■ TASK OBJECTIVE: Under this line are records; the part from the line containing "2 inch Witch" through the line containing "1922 Embossed white" should be repeated exactly. Please exclude pictures.

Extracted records
┌──

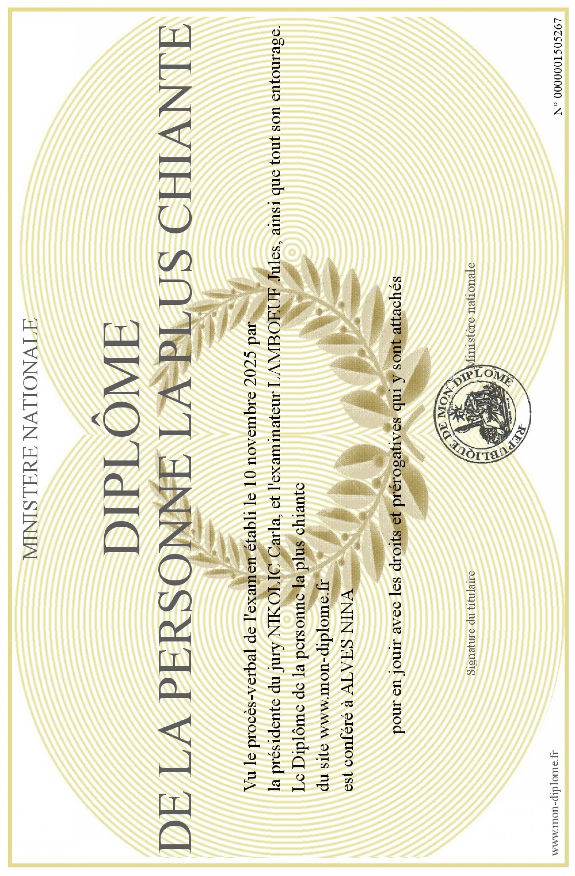 Envoyez par email votre DiplÔme de la personne la plus chiante personalisé
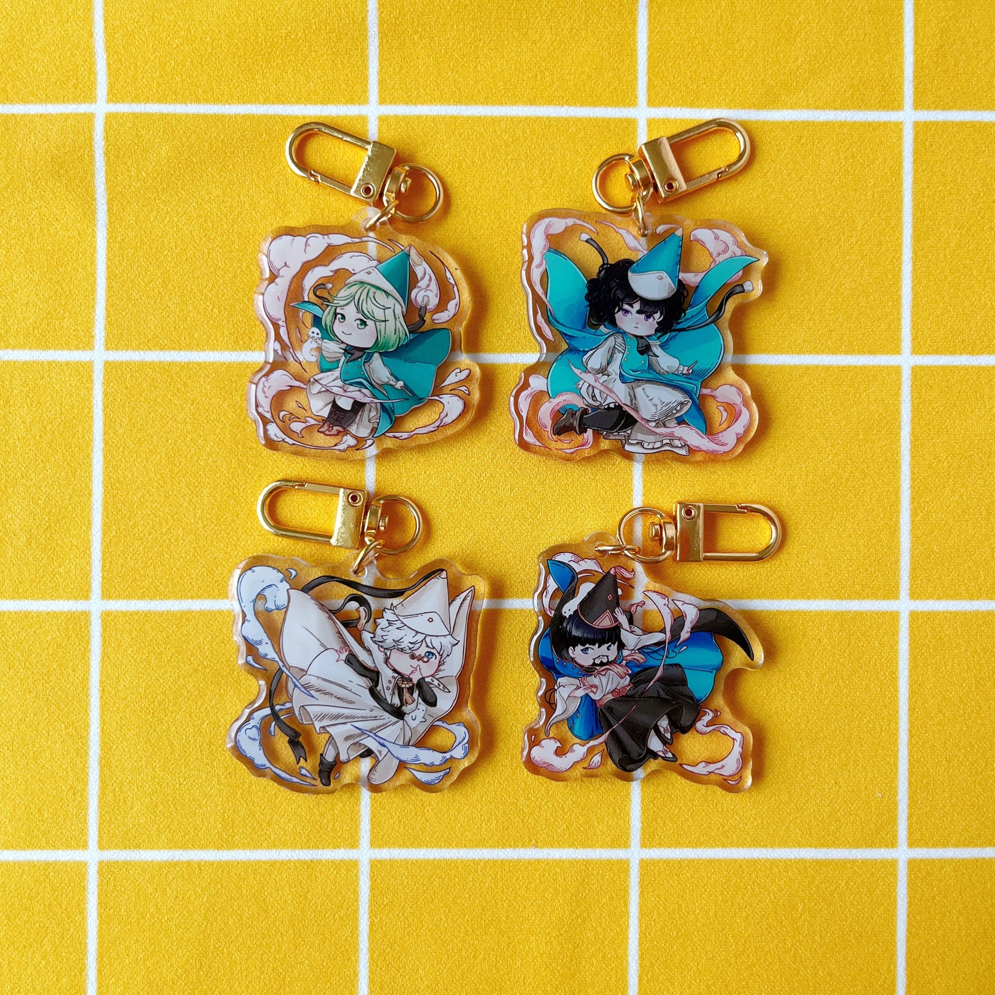 2 inch Witch Hat atelier Acrylic Charms. They are all double sided and have epoxy finish on one side with a gold finish clasp.
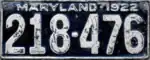 1922 Embossed white serial on dark blue plate with border line; "MARYLAND·1922" centered at top none 123-456 30-000 to approximately 151-000 First use of the full state name.
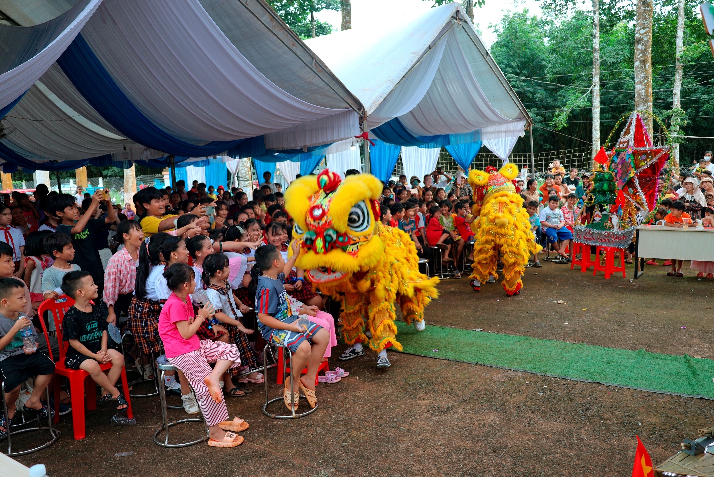 Chương trình còn có các tiết mục văn nghệ đặc sắc và màn múa lân truyền thống, mang đến không khí lễ hội sôi động.
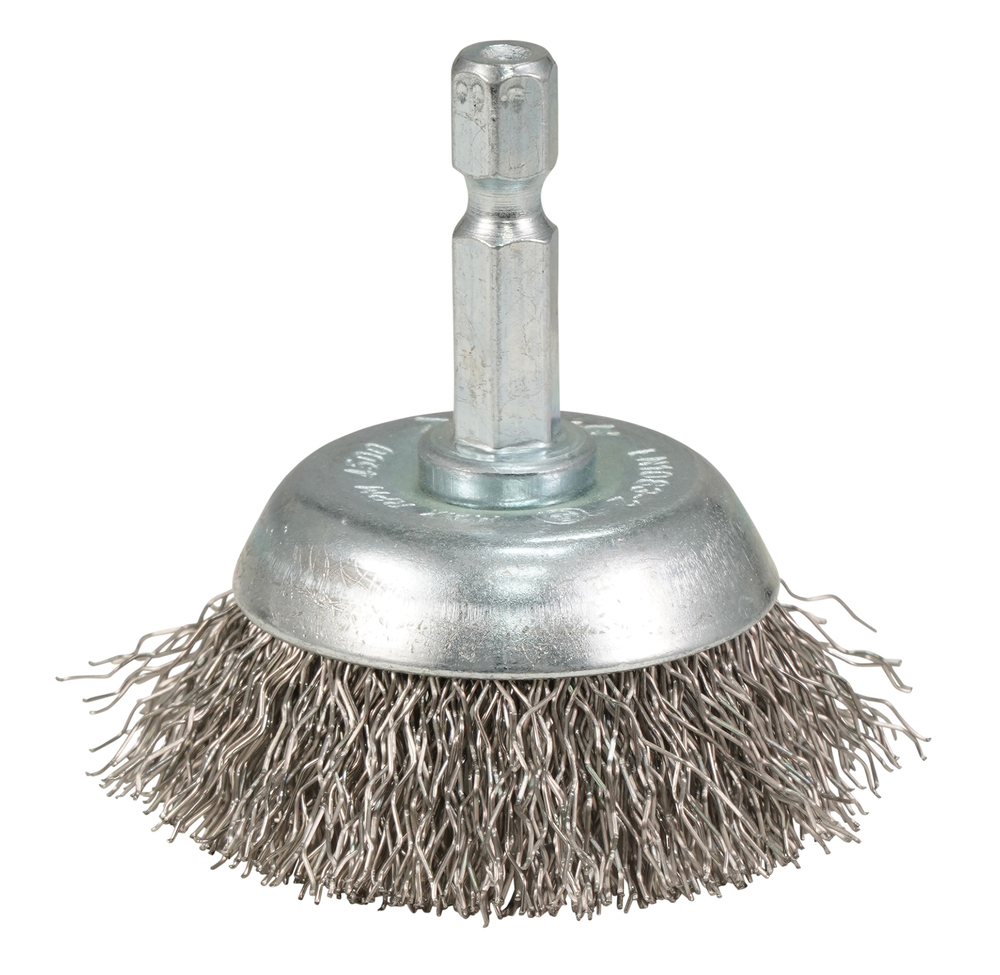 Stålborste i kopp form med bits fäste för att ta bort rost och smuts

└──

■ SOLUTION TO THIS TASK:
 2 inch Witch Hat atelier Acrylic Charms. They are all double sided and have epoxy finish on one side with a gold finish clasp.
 1922 Embossed white serial on dark blue plate with border line; "MARYLAND·1922" centered at top none 123-456 30-000 to approximately 151-000 First use of the full state name.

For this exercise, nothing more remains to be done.